Sandy has asked for the wisdom of the Perl Monks concerning the following question:

I have a reasonable large program that queries more than 200,000 records from a database, manipulates the results, and prints the output to a flat file. (over 50 Meg in size).

Everything was fine until I was asked to place this program onto a less powerful machine as a 'backup'. When I ran the program, Solaris complained that I had run out of memory.

So, I read, and I experimented, and read some more, and so forth. I reduced the memory consumption enough that the program still runs, added more swap space, but it still wastes a lot of time 'swapping' memory in and out. (on a sufficiently robust system it takes less than 20 minutes to run, on this workstation, it takes more than 2 1/2 hours to run)
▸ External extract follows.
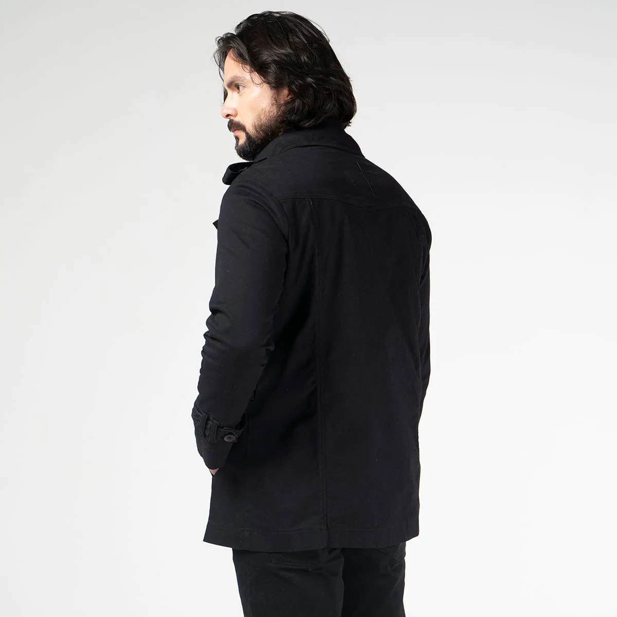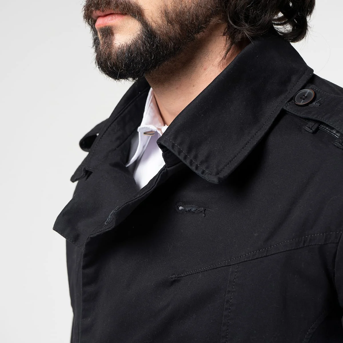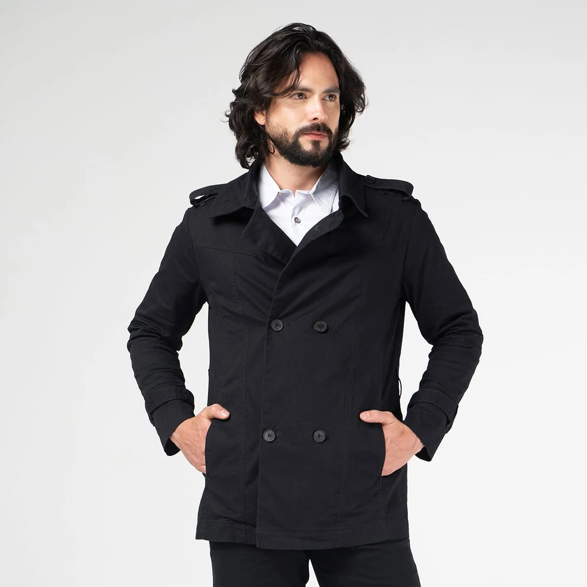 Chaqueta Trench prime en dril, su silueta regular se adapta a diferentes tipos de cuerpo, mientras que su cuello solapa y manga larga con detalle de charretera en los puños agregan un toque de sofisticación.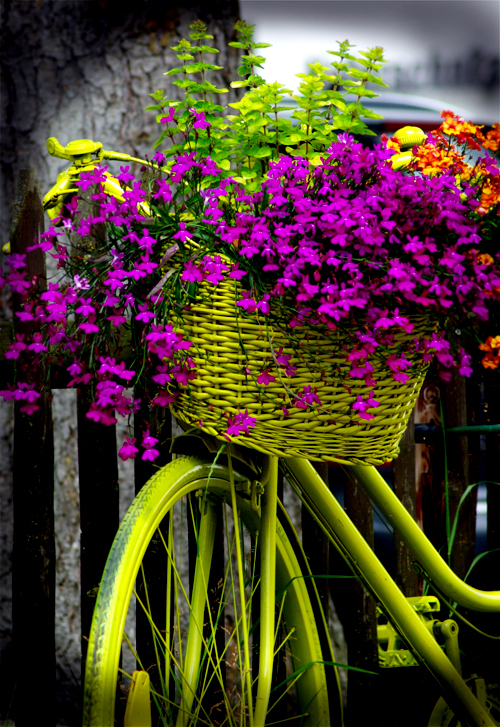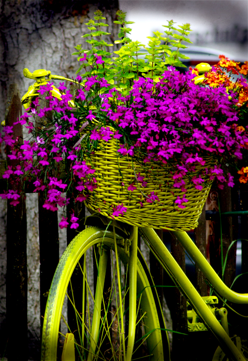 Neulich waren wir mal wieder mit den Kindern unterwegs in der Eifel. Dabei entdeckte ich dieses grelle gelb-grüne angestrichene Fahrrad mit den farbenprächtigen Blumen darin. Das Bild des „Blumenfahrrades“ lud mich gerade dazu ein mal wieder ein wenig rum zu experimentieren. Mein erster Gedanke war, dass man dem Fahrrad doch einfach einen Retro-Look verpassen könnte, jedoch habe ich dies schon des Öfteren auf das eine oder andere Photo angewendet. Dann kam mir die Idee das Foto nach dem Prinzip von Hipstamatic in ein analoges Bild umzuwandeln.

In the process of learning, I found a system memory hog that I don't quite know how to deal with.

Here is a little program that illustrates my problem. The my $str is within the for loop to mimic my original program. I know that in this context it looks silly. During execution I monitor the system resources using vmstat 1 in another window. I used sleep to slow the process down so that I could monitor the memory usage more easily.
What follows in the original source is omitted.